**What is expected**.
What the response needs is every record, repeated verbatim, and no images.
============
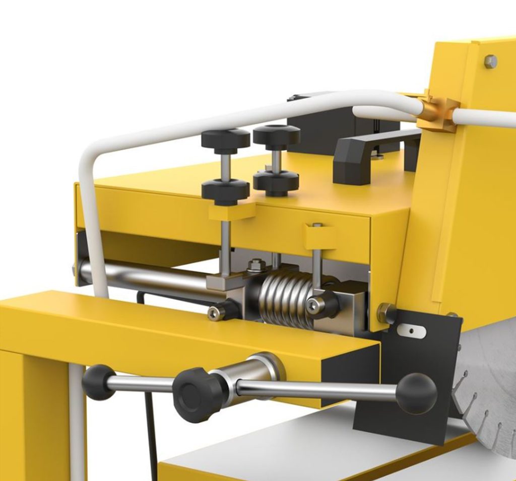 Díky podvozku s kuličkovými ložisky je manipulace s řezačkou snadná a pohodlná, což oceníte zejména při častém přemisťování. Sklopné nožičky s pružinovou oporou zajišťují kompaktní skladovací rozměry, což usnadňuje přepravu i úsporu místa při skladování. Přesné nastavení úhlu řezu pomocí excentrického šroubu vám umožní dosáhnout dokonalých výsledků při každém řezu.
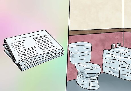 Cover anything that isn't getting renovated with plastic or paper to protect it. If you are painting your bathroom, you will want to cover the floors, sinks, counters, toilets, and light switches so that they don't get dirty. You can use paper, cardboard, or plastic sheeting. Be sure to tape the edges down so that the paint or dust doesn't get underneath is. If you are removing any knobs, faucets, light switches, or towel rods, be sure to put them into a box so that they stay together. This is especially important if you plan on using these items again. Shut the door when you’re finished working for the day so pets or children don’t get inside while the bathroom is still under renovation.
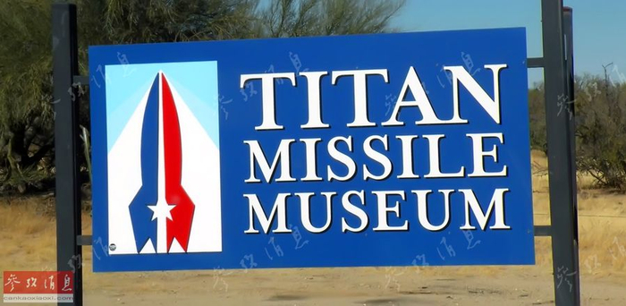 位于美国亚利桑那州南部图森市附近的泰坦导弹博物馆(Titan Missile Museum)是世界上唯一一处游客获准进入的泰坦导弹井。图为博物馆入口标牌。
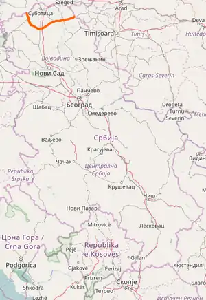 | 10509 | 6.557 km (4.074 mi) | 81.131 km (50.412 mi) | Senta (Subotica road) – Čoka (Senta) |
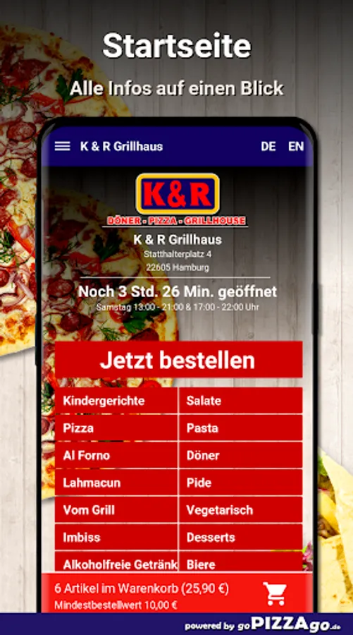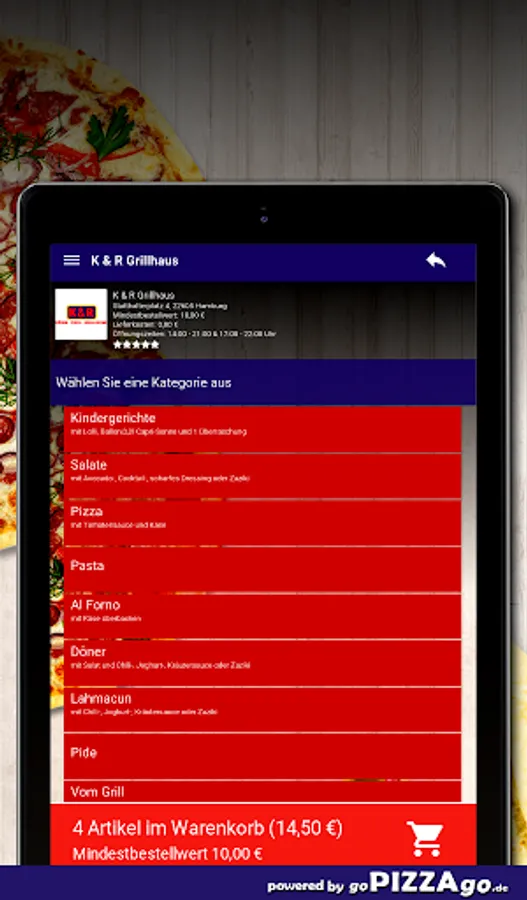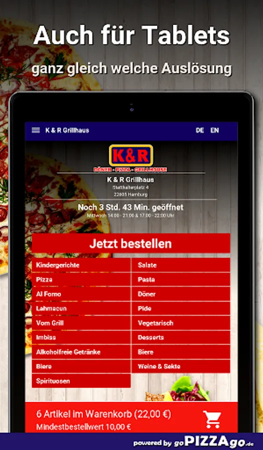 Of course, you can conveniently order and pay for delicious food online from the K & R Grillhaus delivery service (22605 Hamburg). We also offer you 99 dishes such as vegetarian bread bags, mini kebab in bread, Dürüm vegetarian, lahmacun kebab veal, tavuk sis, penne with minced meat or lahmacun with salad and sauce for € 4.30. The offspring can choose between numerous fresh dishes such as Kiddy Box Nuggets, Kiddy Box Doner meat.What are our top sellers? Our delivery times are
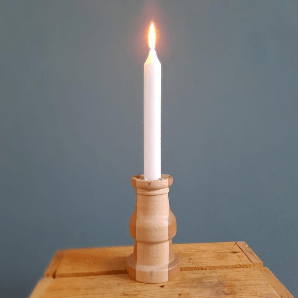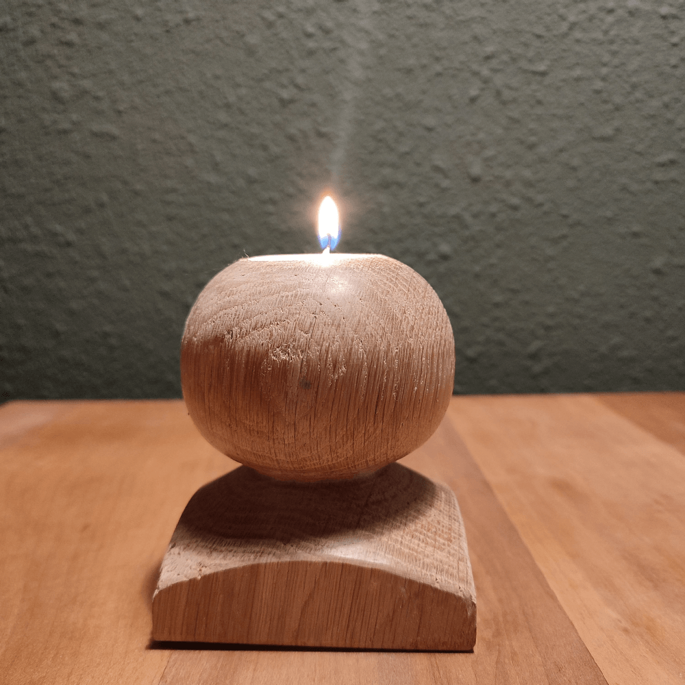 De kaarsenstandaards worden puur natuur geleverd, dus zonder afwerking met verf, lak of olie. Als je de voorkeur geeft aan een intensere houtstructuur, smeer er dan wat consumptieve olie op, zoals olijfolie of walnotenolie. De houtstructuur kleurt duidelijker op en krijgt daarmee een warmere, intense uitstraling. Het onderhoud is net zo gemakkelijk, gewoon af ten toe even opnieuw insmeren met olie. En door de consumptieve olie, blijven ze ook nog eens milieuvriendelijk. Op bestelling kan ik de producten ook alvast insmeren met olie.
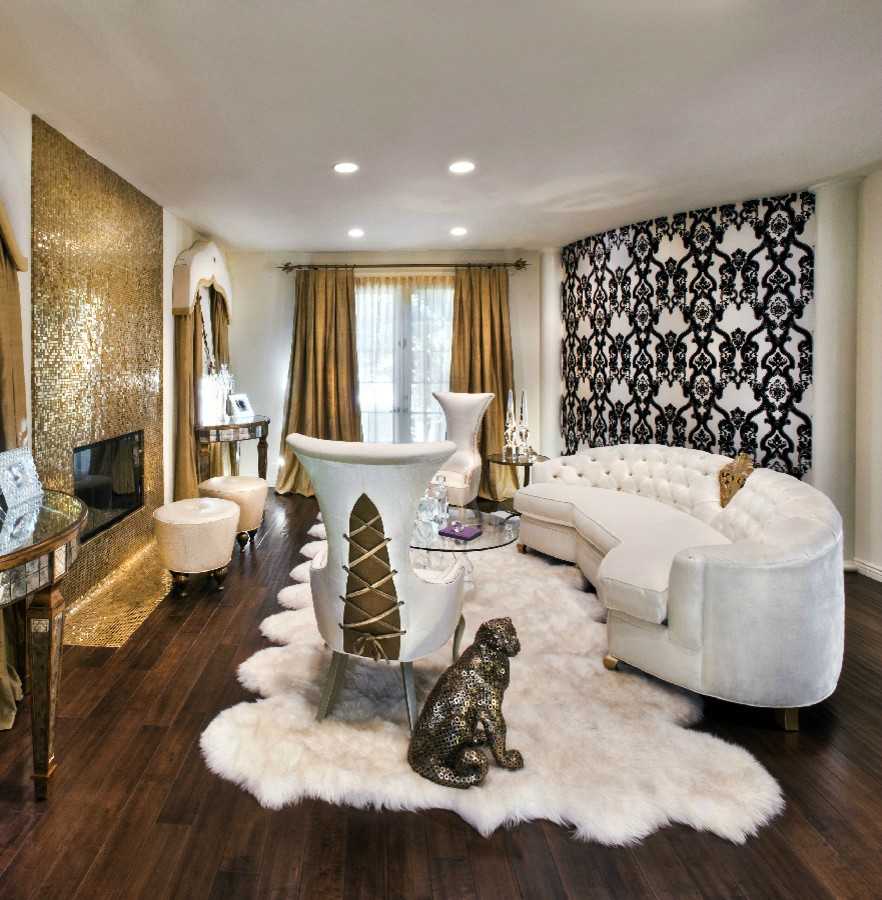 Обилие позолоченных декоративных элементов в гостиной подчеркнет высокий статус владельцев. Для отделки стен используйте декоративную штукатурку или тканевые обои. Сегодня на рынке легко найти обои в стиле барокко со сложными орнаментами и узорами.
============
**Result below**.
 Díky podvozku s kuličkovými ložisky je manipulace s řezačkou snadná a pohodlná, což oceníte zejména při častém přemisťování. Sklopné nožičky s pružinovou oporou zajišťují kompaktní skladovací rozměry, což usnadňuje přepravu i úsporu místa při skladování. Přesné nastavení úhlu řezu pomocí excentrického šroubu vám umožní dosáhnout dokonalých výsledků při každém řezu.
 Cover anything that isn't getting renovated with plastic or paper to protect it. If you are painting your bathroom, you will want to cover the floors, sinks, counters, toilets, and light switches so that they don't get dirty. You can use paper, cardboard, or plastic sheeting. Be sure to tape the edges down so that the paint or dust doesn't get underneath is. If you are removing any knobs, faucets, light switches, or towel rods, be sure to put them into a box so that they stay together. This is especially important if you plan on using these items again. Shut the door when you’re finished working for the day so pets or children don’t get inside while the bathroom is still under renovation.
 位于美国亚利桑那州南部图森市附近的泰坦导弹博物馆(Titan Missile Museum)是世界上唯一一处游客获准进入的泰坦导弹井。图为博物馆入口标牌。
 | 10509 | 6.557 km (4.074 mi) | 81.131 km (50.412 mi) | Senta (Subotica road) – Čoka (Senta) |
 Of course, you can conveniently order and pay for delicious food online from the K & R Grillhaus delivery service (22605 Hamburg). We also offer you 99 dishes such as vegetarian bread bags, mini kebab in bread, Dürüm vegetarian, lahmacun kebab veal, tavuk sis, penne with minced meat or lahmacun with salad and sauce for € 4.30. The offspring can choose between numerous fresh dishes such as Kiddy Box Nuggets, Kiddy Box Doner meat.What are our top sellers? Our delivery times are
 De kaarsenstandaards worden puur natuur geleverd, dus zonder afwerking met verf, lak of olie. Als je de voorkeur geeft aan een intensere houtstructuur, smeer er dan wat consumptieve olie op, zoals olijfolie of walnotenolie. De houtstructuur kleurt duidelijker op en krijgt daarmee een warmere, intense uitstraling. Het onderhoud is net zo gemakkelijk, gewoon af ten toe even opnieuw insmeren met olie. En door de consumptieve olie, blijven ze ook nog eens milieuvriendelijk. Op bestelling kan ik de producten ook alvast insmeren met olie.
 Обилие позолоченных декоративных элементов в гостиной подчеркнет высокий статус владельцев. Для отделки стен используйте декоративную штукатурку или тканевые обои. Сегодня на рынке легко найти обои в стиле барокко со сложными орнаментами и узорами.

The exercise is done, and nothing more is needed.